Given that the next set of forecasts from the OBR, due later this year, are likely to reflect a deterioration in the outlook for the UK economy, it is easy to see why the Chancellor decided to hold this spending review before the updated forecasts were published, because the 2019 spending round also had significant implications for the Government’s fiscal rules. The Chancellor’s fiscal mandate, inherited from Philip Hammond, requires him to ensure that borrowing is below 2% of GDP in 2020-21. At the Spring Statement in March, the OBR declared that the Chancellor would have £27 billion of headroom against that rule—a figure subsequently reduced to £14 billion by the decision of the Office for National Statistics on student loans. However, in reality, the Chancellor’s headroom is likely to be much lower even than that. We have already seen a marked deterioration in the borrowing figures for 2019-20, such that his £14 billion of headroom could be reduced by around £5 billion. If we add in the impact of the weaker than expected economic performance since the Spring Statement, that could take off a further £5 billion. Taking these together, the Chancellor’s assumed £14 billion borrowing headroom actually comes in at closer to £4 billion.

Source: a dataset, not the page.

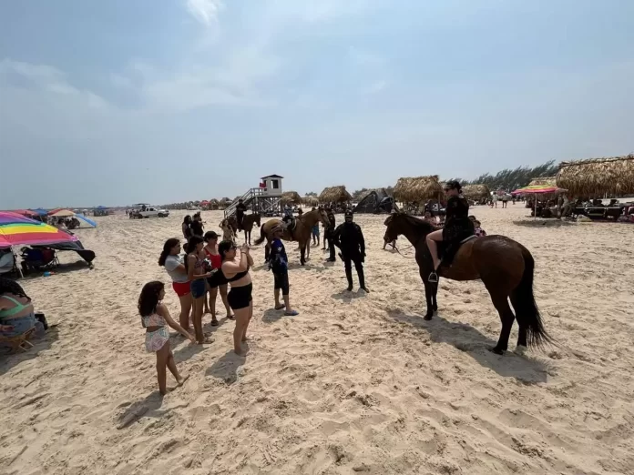 Soto la Marina, Tamaulipas.- Como parte de las acciones realizadas por el personal del Agrupamiento Montado de la Guardia Estatal durante las celebraciones de Semana Santa, se mantiene la proximidad en La Pesca.

All of this means that, while the additional £13.4 billion announced in the spending review might have come within the fiscal mandate limit as calculated back in March, it is very unlikely to be consistent with the fiscal mandate had the OBR been asked to update its forecasts. Indeed, the Resolution Foundation, the independent think tank, has calculated that the Government could in fact break their fiscal mandate by some £10 billion.
Rather than show prudence in their fiscal announcements and be honest about the likelihood of tax rises needed to make this new spending affordable, the Chancellor hinted that he would simply jettison his existing mandate, declaring that he would set out a new fiscal framework ahead of the Autumn Budget—not shaping his spending decisions to fit his fiscal rules but bending those rules to fit his political goals.
This lack of caution is all the more extraordinary given not just the uncertainty over Brexit but the Government’s clear desire to pursue a no-deal outcome. As the Office for Budget Responsibility has pointed out, even a relatively benign no-deal Brexit would further weaken the economy and push up borrowing by around £30 billion a year. A more disorderly no-deal scenario is estimated by the Bank of England to reduce the level of GDP by 8% by 2024. The Treasury’s own figures show that even if we avoid a no-deal outcome, any Brexit scenario that leaves the UK outside the single market will reduce GDP in the longer term by 6.7%, with very clear consequences for the public finances.
Nowhere in the Chancellor’s spending plans does an appreciation of these risks appear. Instead, in the face of such economic uncertainty, now is the time the Chancellor chooses to gamble with the nation’s finances; now is the time the Prime Minister chooses to commit to a further £9 billion of income tax cuts for the wealthiest in society. An improvement hard-won over the course of a decade, and borne disproportionately by the poorest in society, is now gambled for short-term political gain and jeopardised by the Government’s inability to tell the truth about the consequences of their Brexit policy. Once again, we know that it will not be the wealthiest who pay the price: once again, it will be the most vulnerable in our society who are left to pick up the pieces.